> Task
The lines below, from the one holding "공무원 성과상여금 지급기준액을" through the one holding "Inside, you'll find", are to be restated word for word, with all images left out.

> Raw data

===============

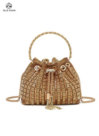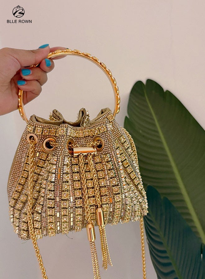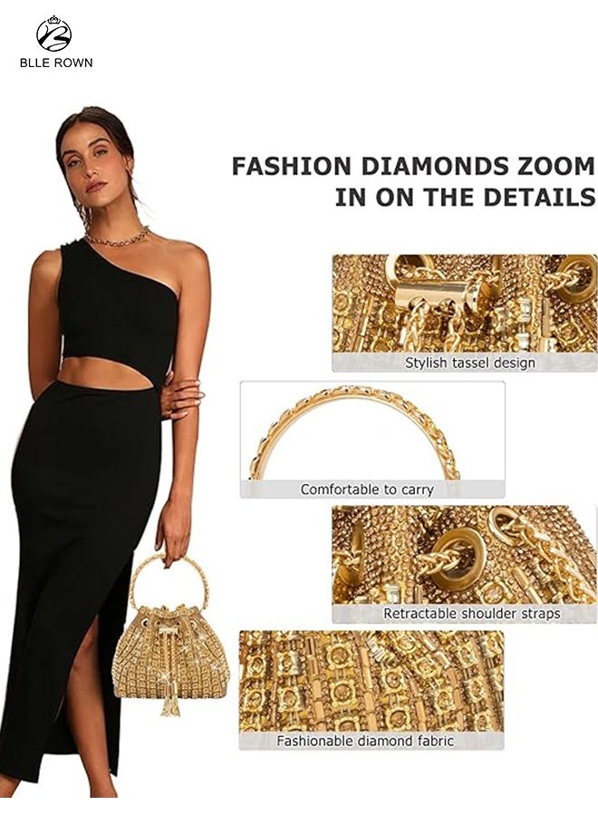 حقيبة يد نسائية فاخرة ذهبية متلألئة حقيبة يد نسائية فاخرة فاخرة للسيدات حقيبة سهرة أنيقة من الألماس مع حقيبة أزياء من حجر الراين مع سلسلة من أحجار الراين اللامعة لحقائب السيدات للسهرات لحفلات الزفاف
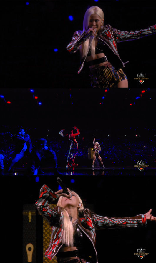 (여자)아이들 소연이 2019 롤드컵 결승전 개막식 무대에서 강렬한 카리스마를 뽐냈다.
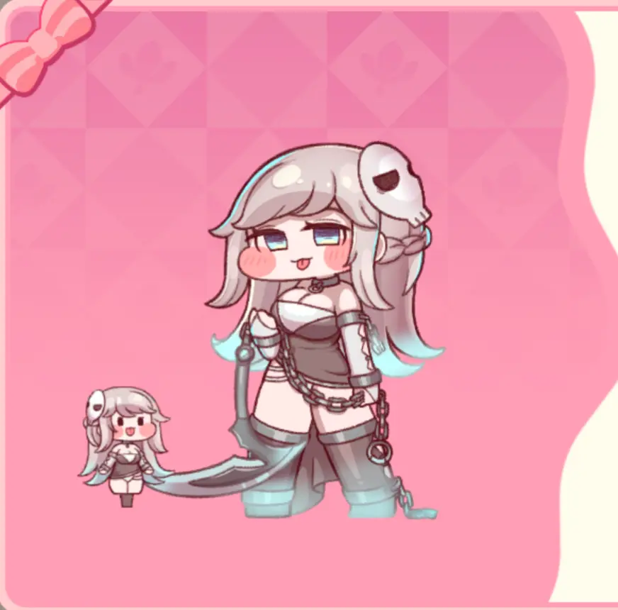 - 体にぴったり張り付くミニマルな衣装で布面積は極小。立っているだけでバストモーフィングが発生するほどのナイスバディを誇る。ヒルデ実装以前は使徒の中で最も豊かなバストを持ち、その後もシーラやセリーネ(グローバル版2025/12/02時点で未登場)、ディアナといったグラマラス系使徒よりも大きいほどだ。
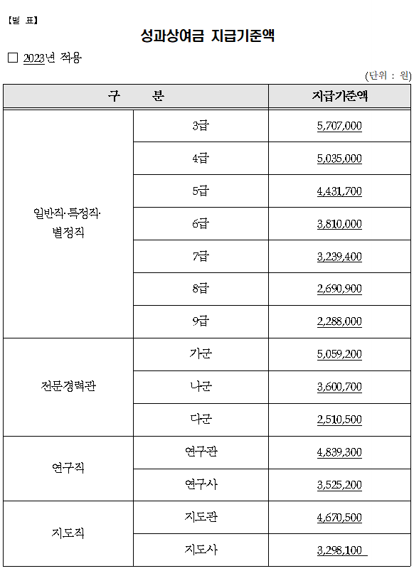 공무원 성과상여금 지급기준액을 살펴보면 2023년 기준 일반직 9급 공무원 2,288,000원, 8급 공무원 2,690,900원, 7급공무원 3,239,400원 입니다.
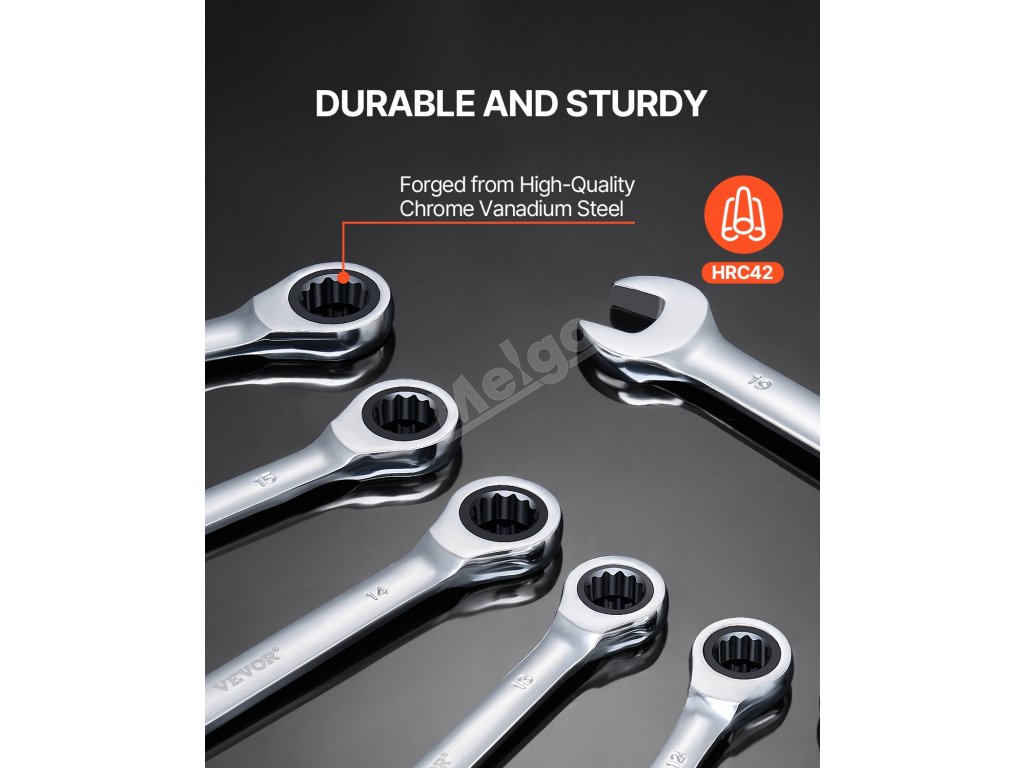 Naše sada ráčnových klíčů má ergonomický design, který zajišťuje pohodlné uchopení pro snadné používání.
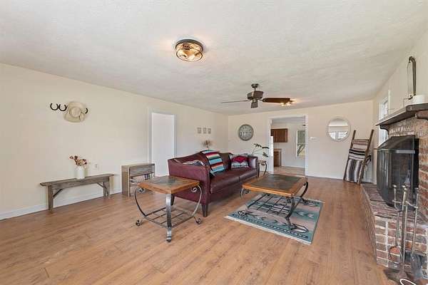 Inside, you'll find 2 spacious bedrooms and 2 full bathrooms, plus a versatile office that could easily serve as a third bedroom (no door currently installed). The cozy living room features a wood-burning fireplace, and a large walk-in pantry adds practical storage space. The kitchen retains its original style and awaits your personal touch, while much of the rest of the home has been thoughtfully remodeled.
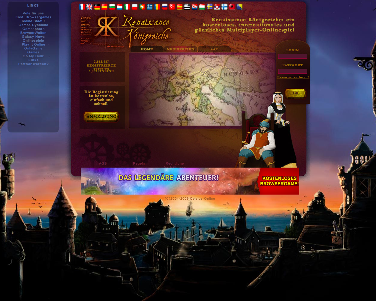 Die königreiche ist mit über 150.000 aktiven Spielern eine der größten Rollenspiele im Internet. Jeder Spielt wohnt in einer realen mittelalterischen Stadt Europas, wo er mit der Hilfe oder gegen der anderen Bewohnern versucht, die Stadt oder die Grafschaft zu beherrschen. Ein Download oder eine Installation sind nicht erforderlich.

===============

> Answer to this problem
 공무원 성과상여금 지급기준액을 살펴보면 2023년 기준 일반직 9급 공무원 2,288,000원, 8급 공무원 2,690,900원, 7급공무원 3,239,400원 입니다.
 Naše sada ráčnových klíčů má ergonomický design, který zajišťuje pohodlné uchopení pro snadné používání.
 Inside, you'll find 2 spacious bedrooms and 2 full bathrooms, plus a versatile office that could easily serve as a third bedroom (no door currently installed). The cozy living room features a wood-burning fireplace, and a large walk-in pantry adds practical storage space. The kitchen retains its original style and awaits your personal touch, while much of the rest of the home has been thoughtfully remodeled.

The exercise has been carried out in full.